Wichtig ist auch die Trafo Auswahl ich habe einen mit 2,5 Ampere und einen mit 7,5.
wie wird dieser ausgesucht und abgesichert?


----------



## rostiger Nagel (17 September 2013)

gibt es bei euch keine Elektrofachkraft?


----------



## Puntostyler85 (17 September 2013)

Doch will es aber selber erforschen


----------



## rostiger Nagel (17 September 2013)

das kann man nicht mal so eben selber mit Hilfe eines Forums erforschen.
Daszu gehört eine Ordentliche Ausbildung und mehrjährige Erfahrung.

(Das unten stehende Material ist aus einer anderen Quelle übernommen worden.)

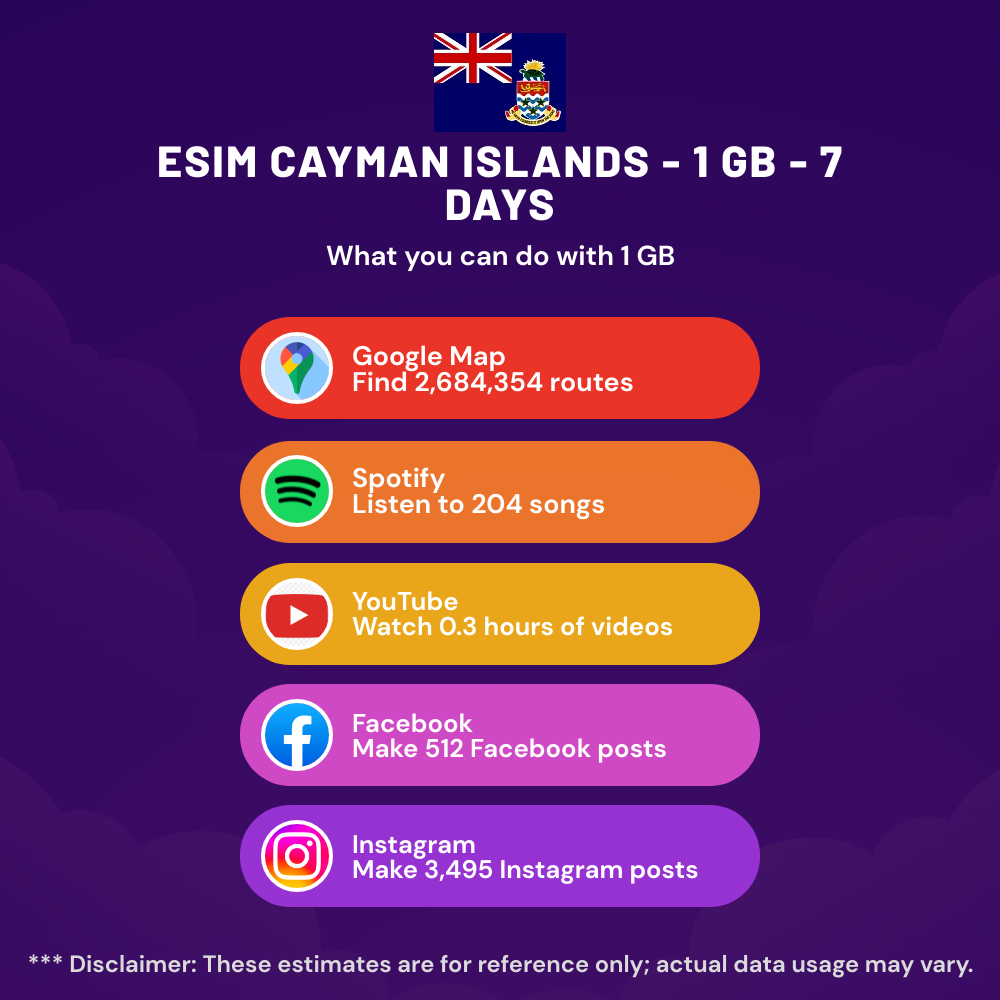 eSIM Cayman Islands – 1 GB – 7 days

Wenn du schon solche Fragen stellst, dann gib alle Technischen Daten an und nicht:
"Ich habe hier irgendwas, was brauche ich dazu!"


----------



## MSB (17 September 2013)

Puntostyler85 schrieb:


> Doch will es aber selber erforschen


Elektrotechnik, insbesondere die Auswahl von Sicherungen, ist aber kein Gebiet zum "forschen", das muss einfach passen.
Deswegen sollten sich darum auch, Elektrofachkräfte kümmern, welche:
" "Elektrofachkraft ist, wer auf Grund seiner fachlichen Ausbildung, Kenntnisse und Erfahrungen sowie Kenntnis der einschlägigen Bestimmungen die ihm übertragenen Arbeiten beurteilen und mögliche Gefahren erkennen kann."


----------



## Puntostyler85 (17 September 2013)

rostiger Nagel schrieb:


> das kann man nicht mal so eben selber mit Hilfe eines Forums erforschen.
> QDaszu gehört eine Ordentliche Ausbildung und mehrjährige Erfahrung.
> 
> Wenn du schon solche Fragen stellst, dann gib alle Technischen Daten an und nicht:
> "Ich habe hier irgendwas, was brauche ich dazu!"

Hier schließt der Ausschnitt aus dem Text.